Singers: (Singing in unison) "...everywhere I go."

Mr. ALVIN: (Singing) "So I..."

(End of soundbite)

GROSS: That's Dave Alvin from his new CD, "West of the West."

Dave Alvin, welcome back to FRESH AIR. Why did you want to include "Surfer
Girl" on your CD of songs by California composers?

Mr. ALVIN: One is that Brian Wilson is, you know, considered the ultimate
California songwriter. But the other reason was I wanted to do something that
combined, you know, the sort of the surf music scene and the LA R&B scene.
And 'cause I know that for all of his Four Freshmen
influence...(unintelligible)...influence on Brian Wilson, that they also grew
up--the Beach Boys also grew up hearing the local R&B stuff like Jesse Belvin
and Richard Berry and people like that. So I thought Hawthorne is about two,
three miles from where the Calvanes come from. And the Calvanes were a real
R&B vocal quartet, doo-wop group, that started making records out here in the
early '50s. And so I thought, you know, `Let's bridge that two-, three-mile
distance. And that was really one of the reasons.

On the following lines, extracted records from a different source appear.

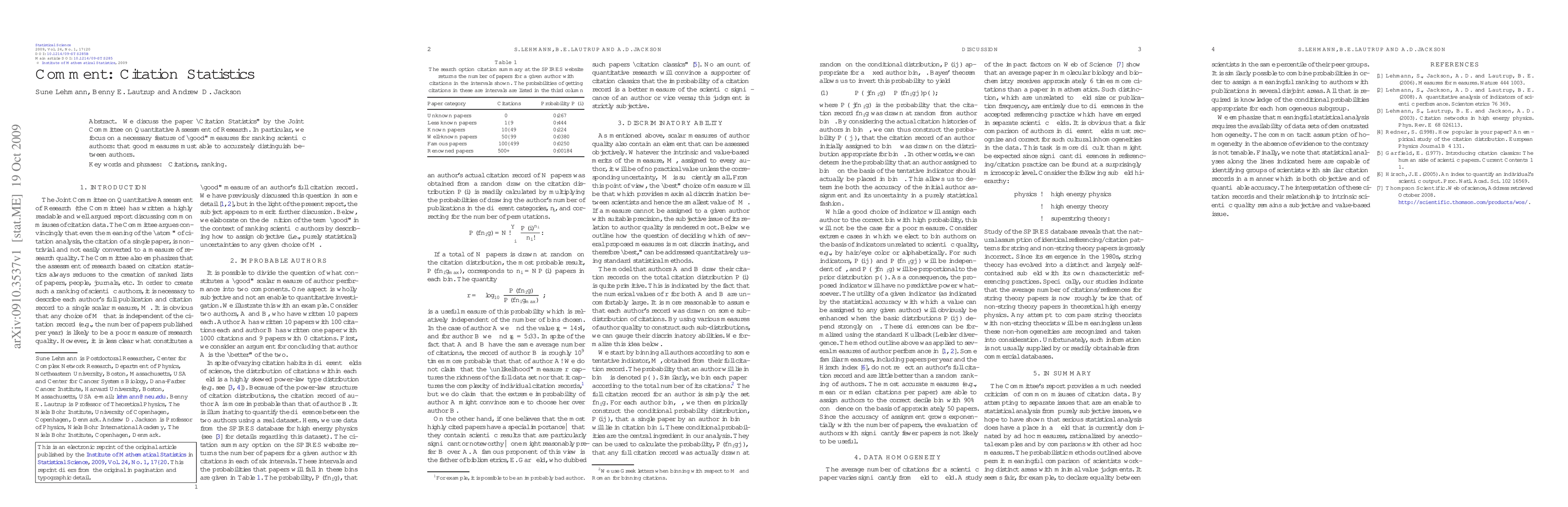 This paper by the Joint Committee on Quantitative Assessment of Research examines essential criteria for effective citation metrics used to rank scientific authors, emphasizing the importance of distinguishing accurately between different authors. [arXiv:0910.3529]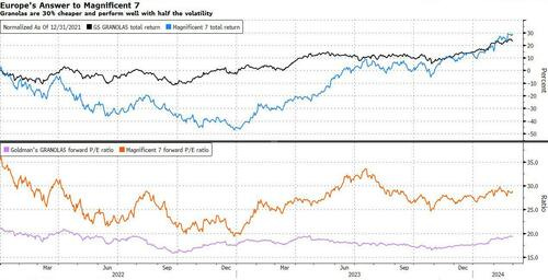 Pero demos al César lo que es del César: los estrategas de Goldman Sachs crearon un acrónimo de megacap para Europa allá por 2020, durante el primer confinamiento. GSK, Roche, ASML, Nestlé, Novartis, Novo Nordisk, L'Oreal, LVMH, Astrazeneca, SAP y Sanofi han sido desde entonces las “ GRANOLAS ”. El grupo se ha comportado como el Mag 7 desde principios de 2022, con la mitad de volatilidad y un 30% más barato.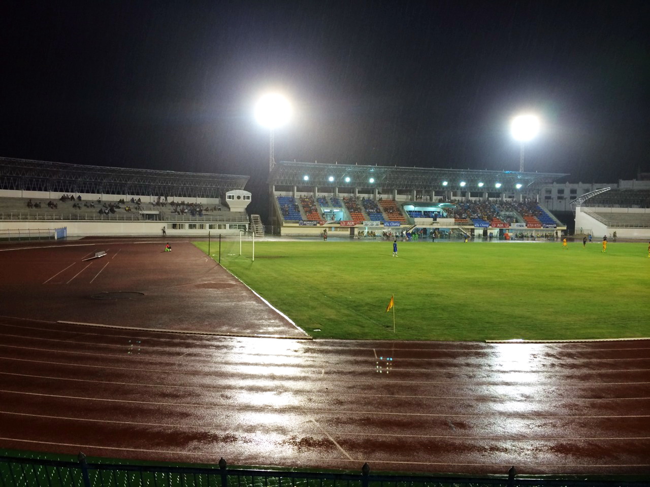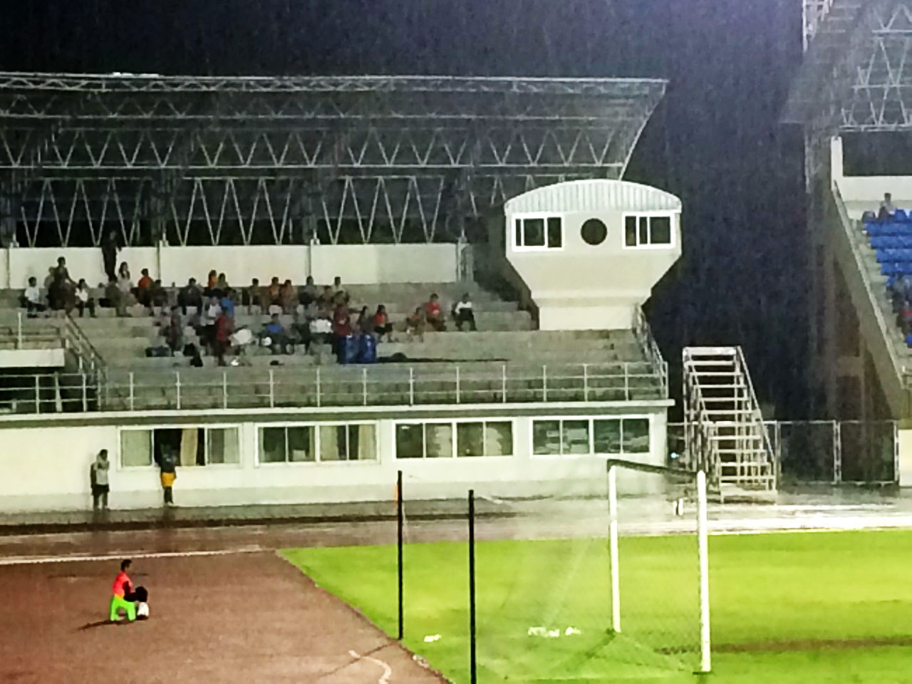 แล้วฝนตกครับ ต้องวิ่งหลบมาอัฒจรรย์ฝั่งมีหลังคา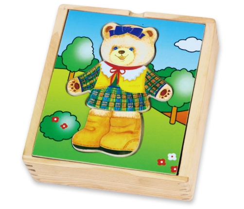 Puzzle pozwalają nam na ułożenie sześciu obrazków uroczego misia dziewczynkę, która jest w różnych nastrojach i różnych ubrankach. Zabawka, poza świetną zabawą, stymuluje zdolności manualne i zdolności logicznego myślenia, dodatkowo uczy rozpoznawania emocji.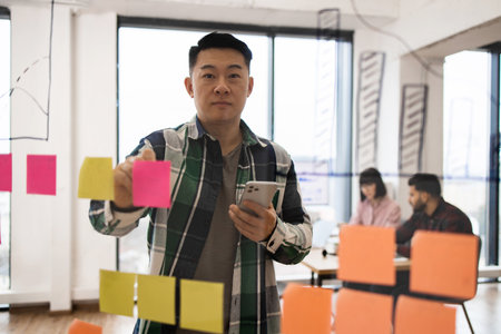 Young professional brainstorming with sticky notes in office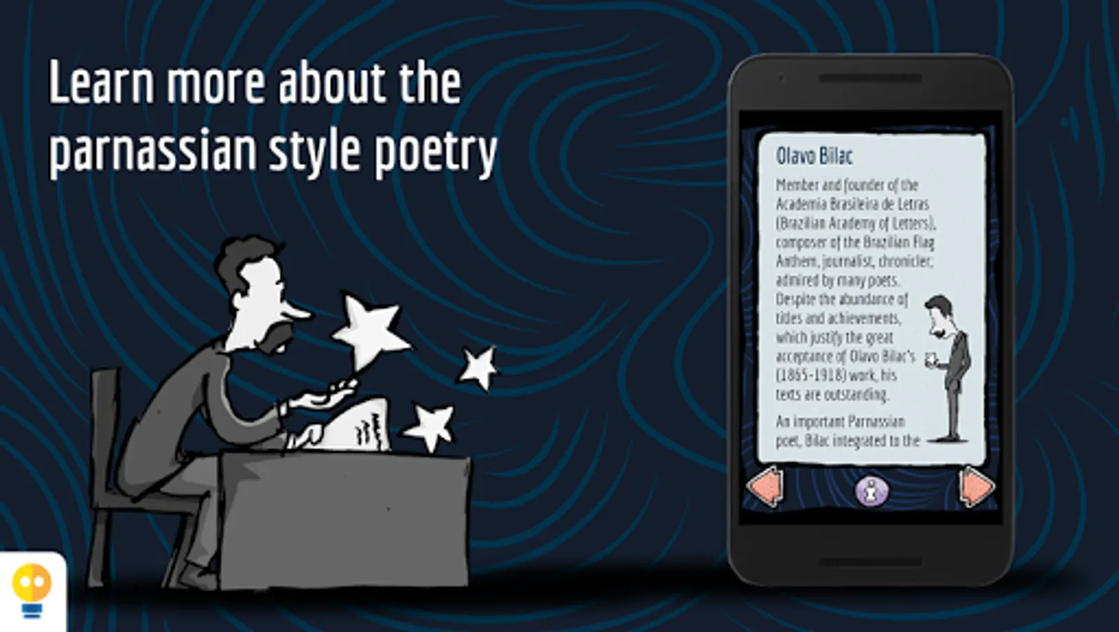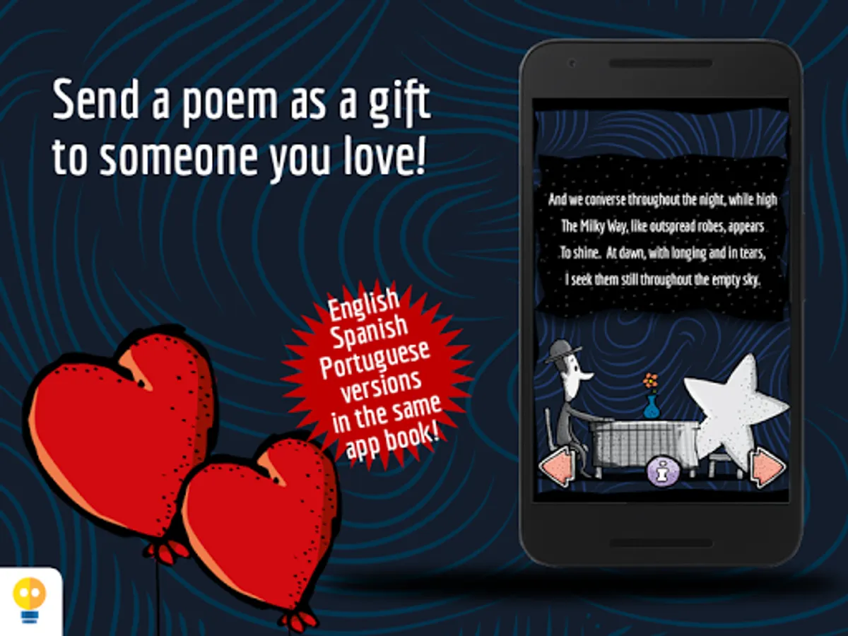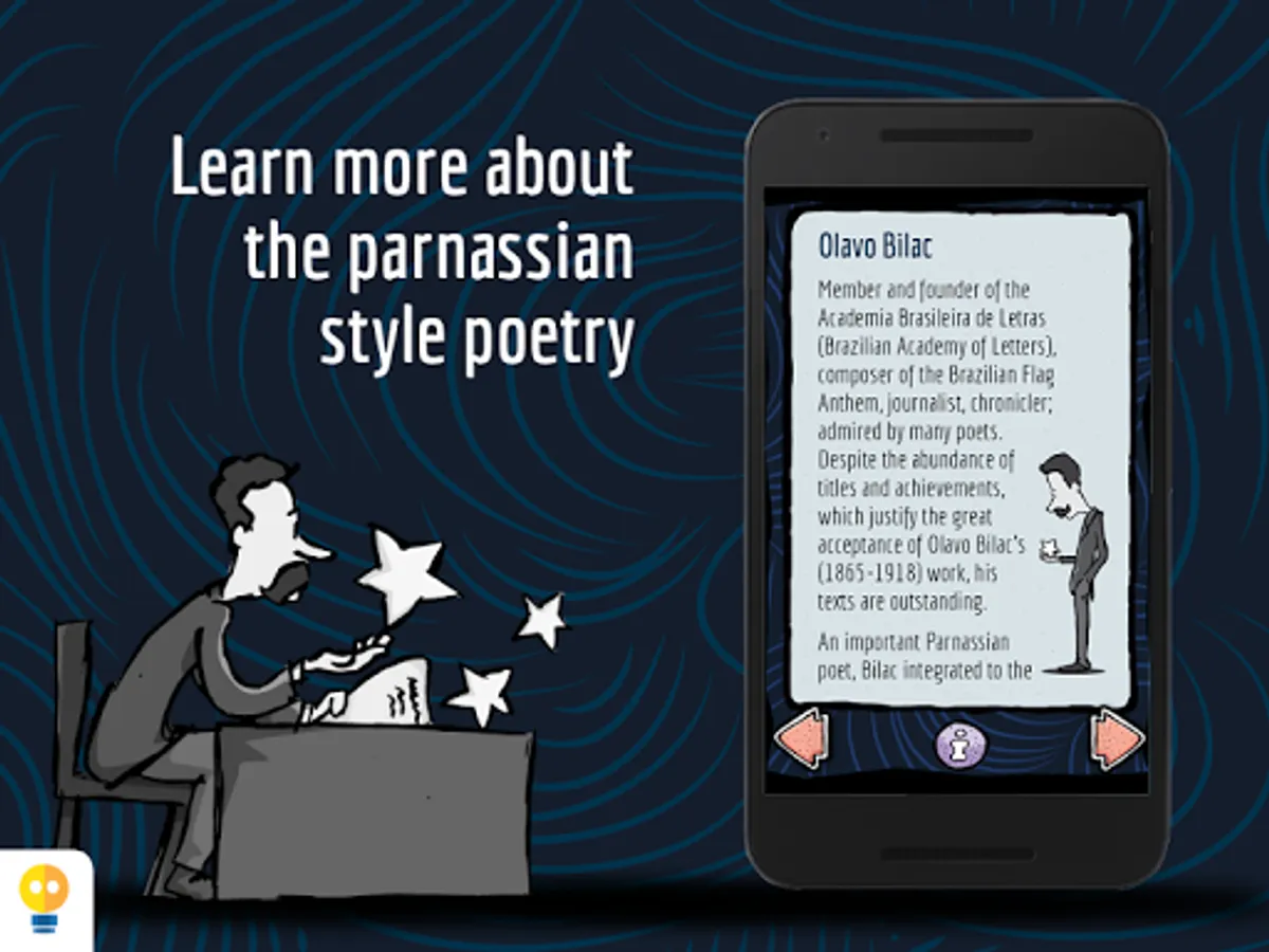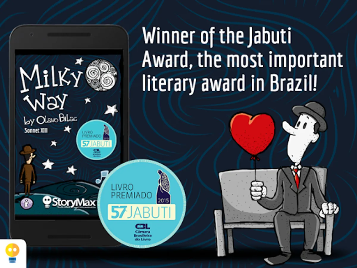 In Milky Way, the reader can reaffirm or discover the taste for the poem as a literary genre, by involving itself with the words, sounds and subtle poetic interactivities, like opening windows moving the stars with your breath, touch and hear the stars, and float alongside them in a bright night. The extras talk about the life of Olavo Bilac and present a summary on the parnassianism.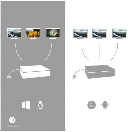 1/ Operační systém macOS nepodporuje technologii více-obrazového video přenosu Multi Stream Transport (MST), což znamená, že v případě připojení k macOS bude na všech připojených monitorech promítnut stejný obraz.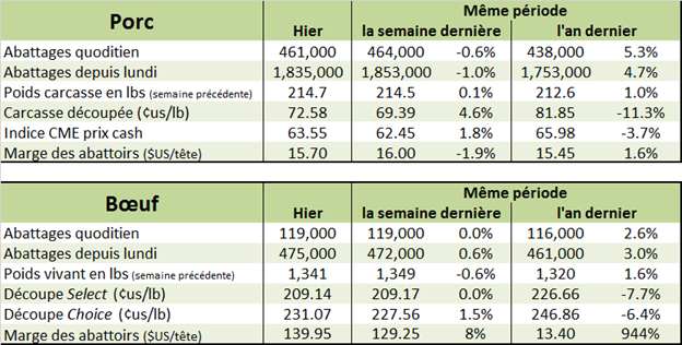 Dans le rapport Offre et Demande de l’USDA (WASDE), les prévisions de production ont été revues à la baisse pour le 2ème trimestre de 305M lbs. La production du 3e trimestre a également été diminuée par 90 M lbs. Cela dit, les fondamentaux demeurent négatifs à court terme dans le bœuf, car la production devrait tout de même augmenter de 5.4% au cours du 2e trimestre. Cette semaine, les abattages cumulés sont estimés à 475 000 têtes, en hausse de 9 000 bœufs versus l’an dernier (+1.9%). Le marché est donc toujours dans l’attente de cette offre additionnelle.

I had a couple of personal reasons I wanted to do it, too, but...

GROSS: We'll get to those in a second.

Mr. ALVIN: Yeah.

GROSS: You know, it's...

Mr. ALVIN: So, I mean, there was a funny bit, you know, at least funny to
me, and a telling story about Los Angeles, California and, in a way, the
entire American culture, a conversation I had with Fred Willis, who is the
leader of the Calvanes. And I'd sent him like a Beach Boys greatest hits CD
to make a vocal arrangement of the song. And then I called him and I said,
`Well, what do you think?' And he goes, `Oh, well, that guy's a genius, man.
He's--blah, blah, blah.' And then he played me his arrangement, and it sounded
gorgeous. And he says, `I just have one question.' And I was, `Well, what's
that?' And he goes, `What's a Woody?' And to me that was really telling
because, like I said, Hawthorne, where Brian Wilson was from, where the Beach
Boys were from, and southern central LA where the Calvanes are from, it's two,
three miles, and it's a whole different language. It's a different culture.
And it's one of the stereotypes--or one of the anti-stereotypes of California
is people don't understand the mix of cultures here and the differences in
just two, three miles, you know?

GROSS: And for anybody wondering, `So what is a Woody?' It's like one of
those station wagons with wood paneling.

Mr. ALVIN: With wood on the side. Yeah, exactly.

GROSS: Yeah, right.

Mr. ALVIN: And so I told Fred. I said, `Yeah, well, you know, the surfers
used to have those station wagons with the wood pa--`Oh, they called those
Woodys?' And I was like, `Yeah.' So there you go, you know?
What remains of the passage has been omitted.